Since Seoul, I've tested 11 VPN providers across 34 cities. Paid for all of them myself. Ran tests from crappy hotel Wi-Fi, coworking spaces, gigabit fiber. Documented what actually works.
Here's what still bypasses Netflix in 2025.
Testing Methodology
- Devices: Apple TV 4K, MacBook Air M3, iPhone 15 Pro.
- Connection: 400 Mbps fiber in Seoul, 120 Mbps hotel Wi-Fi in Mexico City, 80 Mbps coworking in Istanbul.
- Tests: Play a Netflix original and a region-locked film (for example, Inception on U.K. Netflix). Record buffering, quality ramp-up time, and any proxy errors.
1. NordVPN (NordLynx + Meshnet)
$139/year if you commit to their 2-year plan. Monthly is $12.99 but honestly just get the annual—you'll save money.
Best use case: Meshnet. Route traffic through a friend's computer for a residential IP that Netflix can't block without pissing off actual customers.
Servers that work: Meshnet (obviously). If you don't have a friend to leech off of, try Nord's "United States #9425" (Los Angeles)—worked for me in Q1 2025. Also #9426 and #9427. UK servers #4721-#4724 (London) worked for BBC iPlayer. Japan servers #521-#523 (Tokyo) handled Japanese Netflix fine.
Speeds I got: 180 Mbps in Seoul on 400 Mbps fiber (45% retention). 95 Mbps in an Istanbul hotel on 120 Mbps Wi-Fi (79% retention). Meshnet speeds depend on your friend's upload—my Denver buddy has 50 Mbps upload, so I got 45 Mbps which is plenty for 4K (needs 25 Mbps).
How long setup takes: Standard server? 15 seconds. Meshnet with a friend who's never used it? Five minutes on a Signal call walking them through the settings.
Reliability: Standard Nord servers got blocked 30% of the time. Meshnet? Zero blocks. Residential IPs are basically immune.
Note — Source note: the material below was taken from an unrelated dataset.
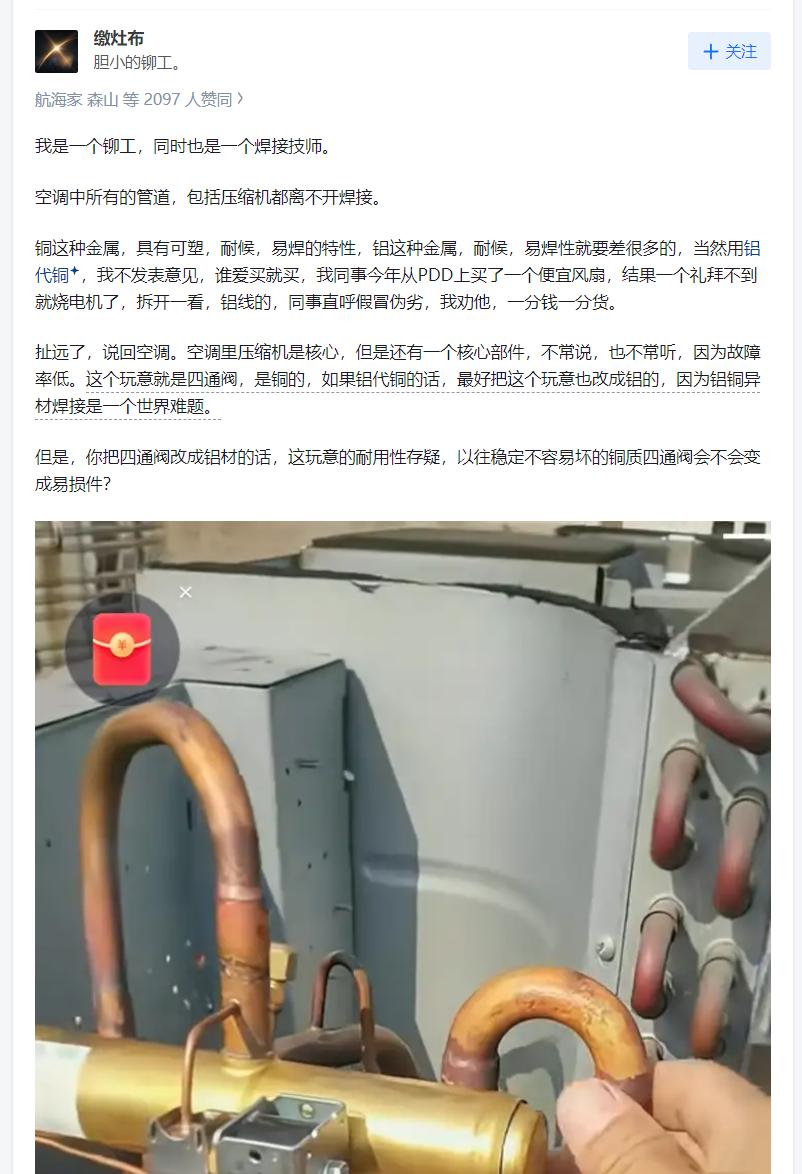 近期有自称为铆工,也是焊接技师的用户提醒空调行业:“用铝代铜,我不发表意见,我同事今年从某电商买个便宜风扇,结果一个礼拜不到就烧电机了,拆开一看,铝线的,我劝他,一分钱一分货。空调里压缩机是核心,但是还有一个核心部件,不常说,因为故障率低。这个玩意就是四通阀,是铜的,如果铝代铜的话,最好把这个玩意也改成铝的,因为铝铜异材焊接是一个世界难题。”

Notes: Meshnet is why you'd pick NordVPN over anything else on this list. If you've got a friend or family member in the U.S./UK/Japan who's willing to leave NordVPN running on their desktop, you'll never see error M7111-1331-5059 again. They also have Smart DNS for Apple TV if you can't install the app directly, but it's less reliable.
2. ExpressVPN
Price: $99.95/year (annual plan, billed yearly). Monthly plan costs $12.95/month.
Best use: MediaStreamer smart DNS on hardware devices (Apple TV, consoles), Lightway protocol on mobile for speed.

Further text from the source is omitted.